Directions for the data below: repeat exactly the lines from the one with "7-8-9 Temmuz tarihlerinde" through the one with "BIONIKE TRIDERM DUSHIÕLI", both included, and omit all pictures.

Listed records =>
· · · · ·

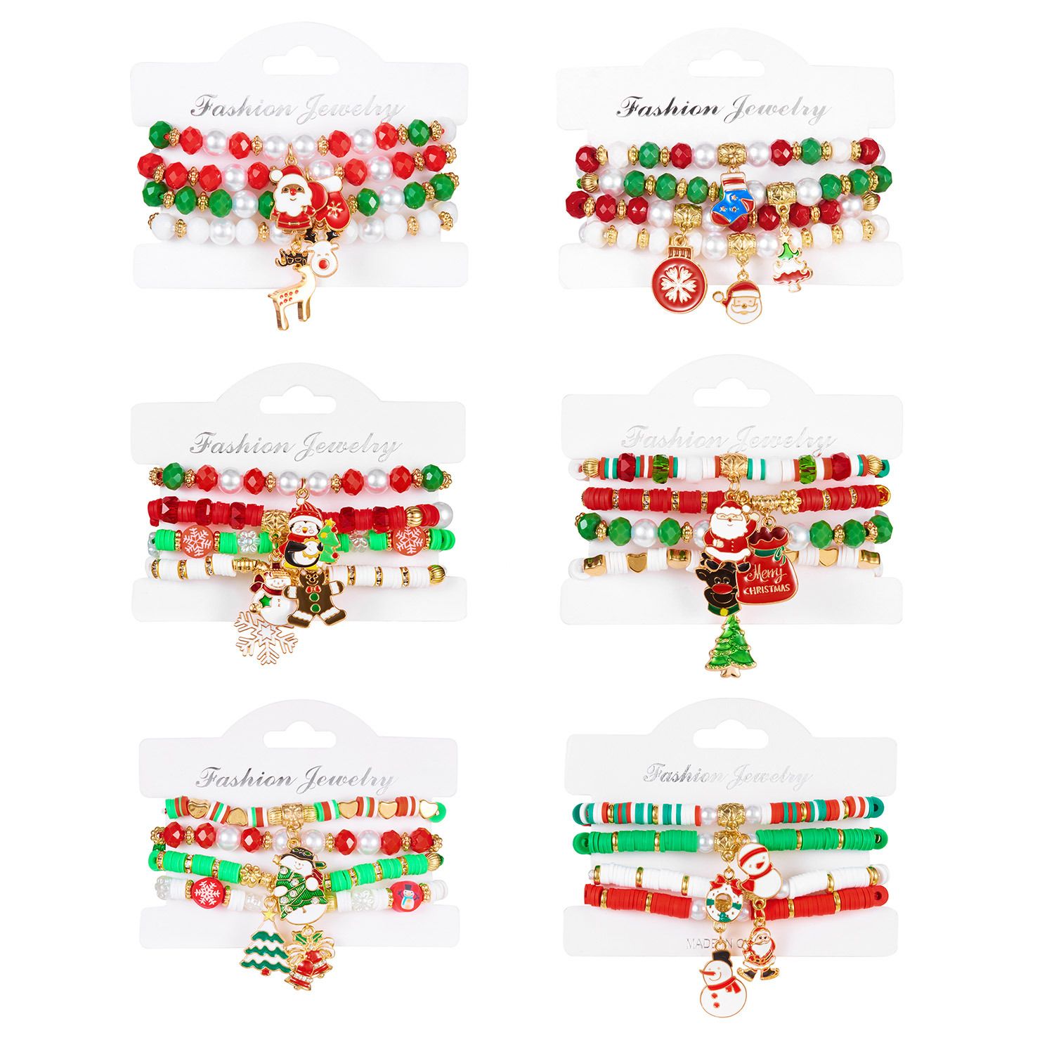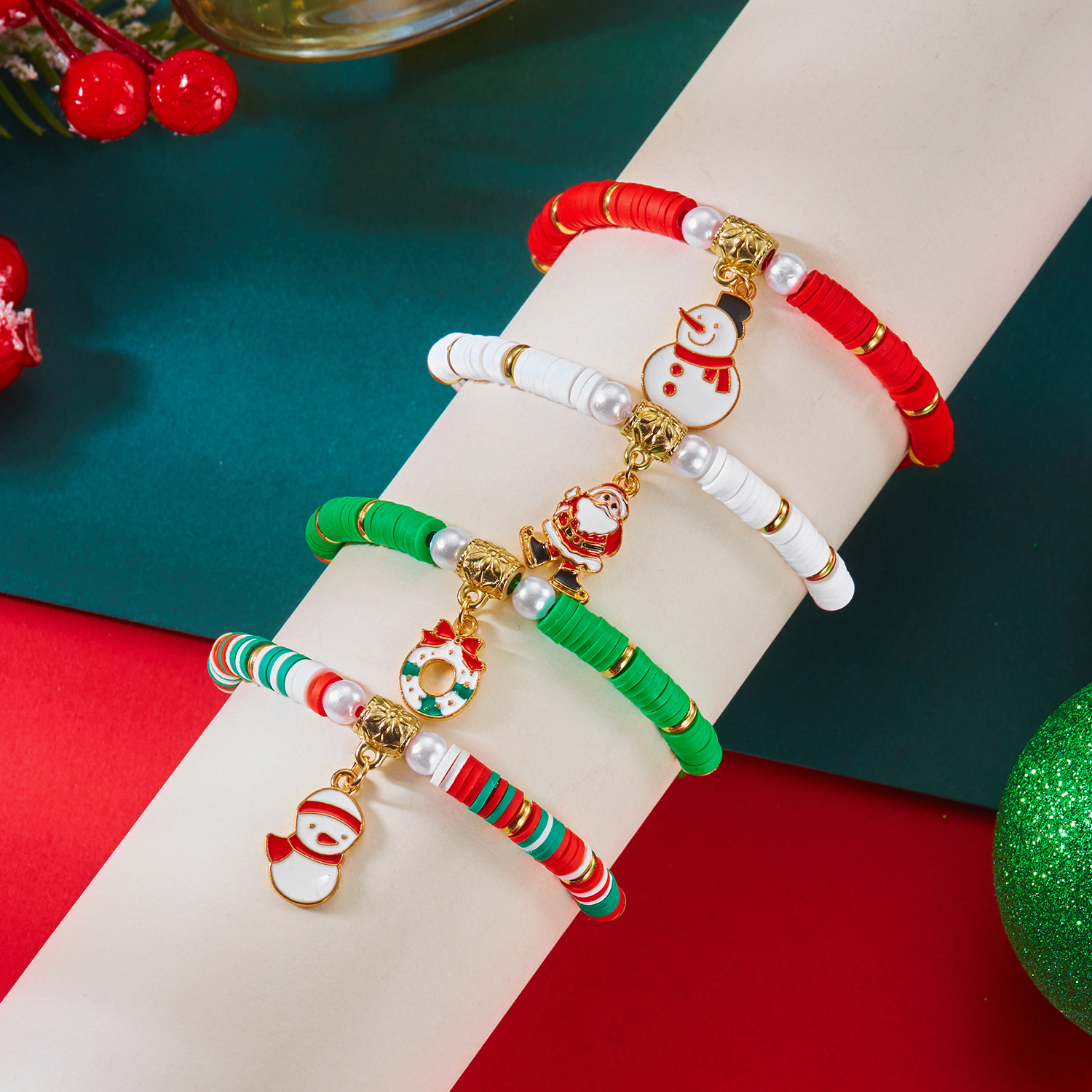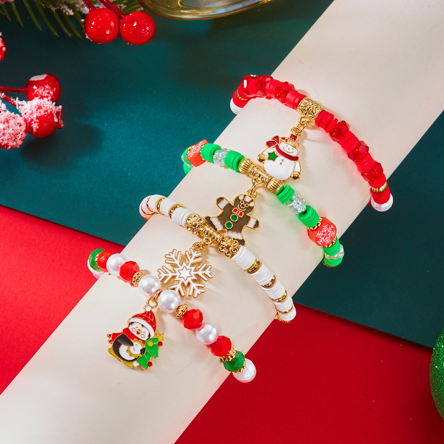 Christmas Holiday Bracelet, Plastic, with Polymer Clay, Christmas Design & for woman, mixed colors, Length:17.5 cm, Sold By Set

· · · · ·

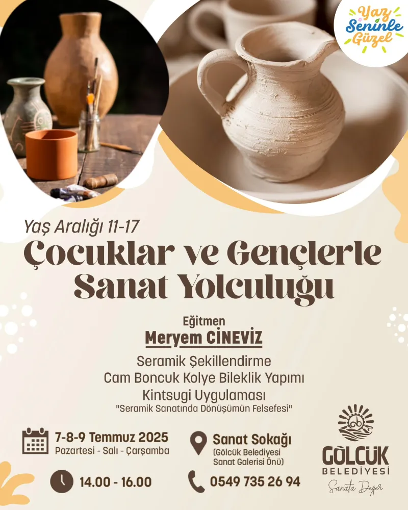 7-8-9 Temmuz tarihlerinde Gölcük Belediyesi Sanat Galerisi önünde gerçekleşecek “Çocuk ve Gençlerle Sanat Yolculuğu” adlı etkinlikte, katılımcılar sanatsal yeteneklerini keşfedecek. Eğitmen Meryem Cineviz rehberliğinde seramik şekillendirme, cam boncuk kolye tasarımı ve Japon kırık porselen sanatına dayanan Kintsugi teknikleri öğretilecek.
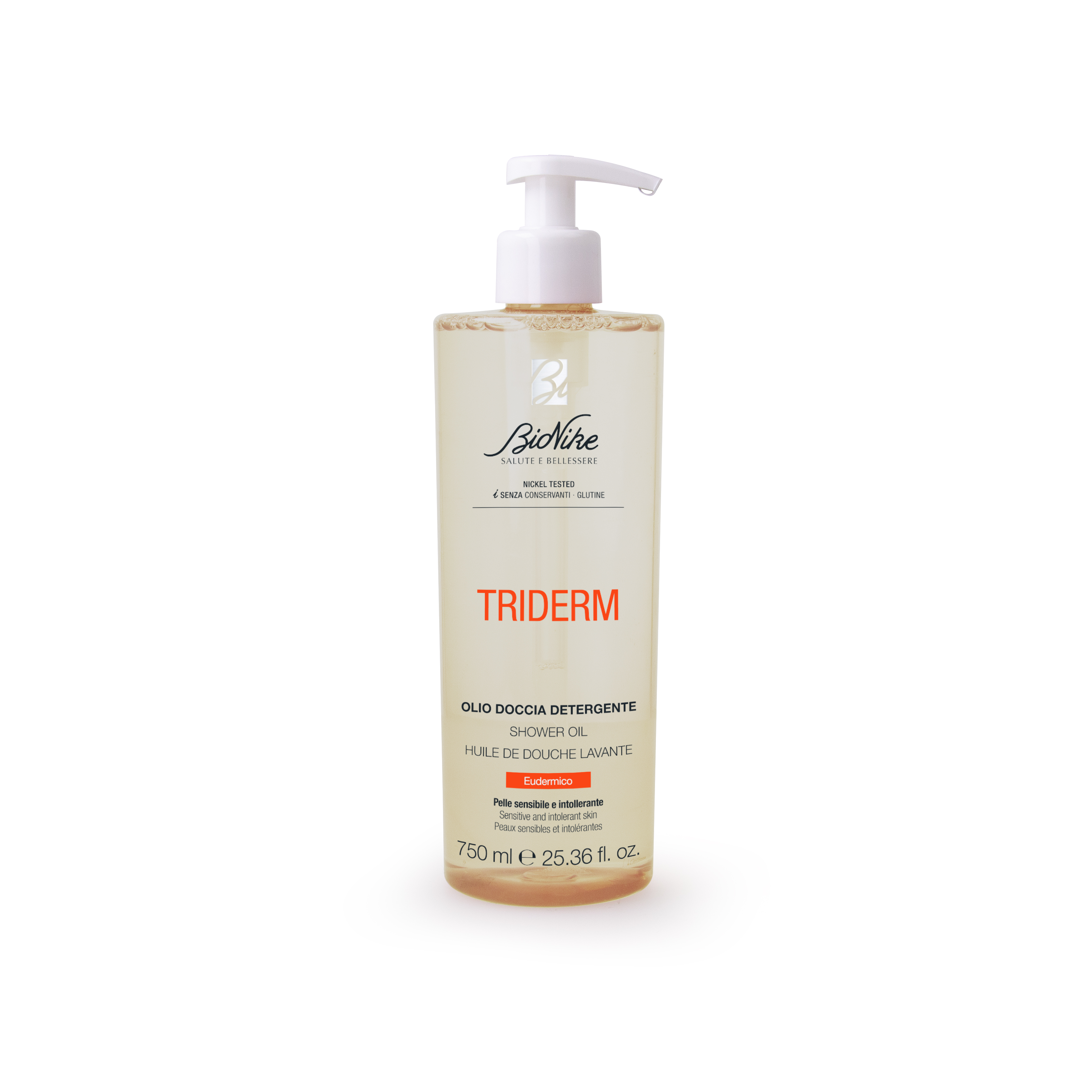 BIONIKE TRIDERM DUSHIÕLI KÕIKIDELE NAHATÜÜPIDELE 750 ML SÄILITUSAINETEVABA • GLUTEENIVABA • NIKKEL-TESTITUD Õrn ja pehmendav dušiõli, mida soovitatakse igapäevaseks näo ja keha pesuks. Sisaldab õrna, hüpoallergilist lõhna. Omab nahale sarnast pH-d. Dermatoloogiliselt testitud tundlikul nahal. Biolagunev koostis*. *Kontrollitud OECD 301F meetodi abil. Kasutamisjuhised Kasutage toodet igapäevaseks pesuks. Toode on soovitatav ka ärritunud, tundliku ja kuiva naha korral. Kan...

· · · · ·

Solution below =>
 7-8-9 Temmuz tarihlerinde Gölcük Belediyesi Sanat Galerisi önünde gerçekleşecek “Çocuk ve Gençlerle Sanat Yolculuğu” adlı etkinlikte, katılımcılar sanatsal yeteneklerini keşfedecek. Eğitmen Meryem Cineviz rehberliğinde seramik şekillendirme, cam boncuk kolye tasarımı ve Japon kırık porselen sanatına dayanan Kintsugi teknikleri öğretilecek.
 BIONIKE TRIDERM DUSHIÕLI KÕIKIDELE NAHATÜÜPIDELE 750 ML SÄILITUSAINETEVABA • GLUTEENIVABA • NIKKEL-TESTITUD Õrn ja pehmendav dušiõli, mida soovitatakse igapäevaseks näo ja keha pesuks. Sisaldab õrna, hüpoallergilist lõhna. Omab nahale sarnast pH-d. Dermatoloogiliselt testitud tundlikul nahal. Biolagunev koostis*. *Kontrollitud OECD 301F meetodi abil. Kasutamisjuhised Kasutage toodet igapäevaseks pesuks. Toode on soovitatav ka ärritunud, tundliku ja kuiva naha korral. Kan...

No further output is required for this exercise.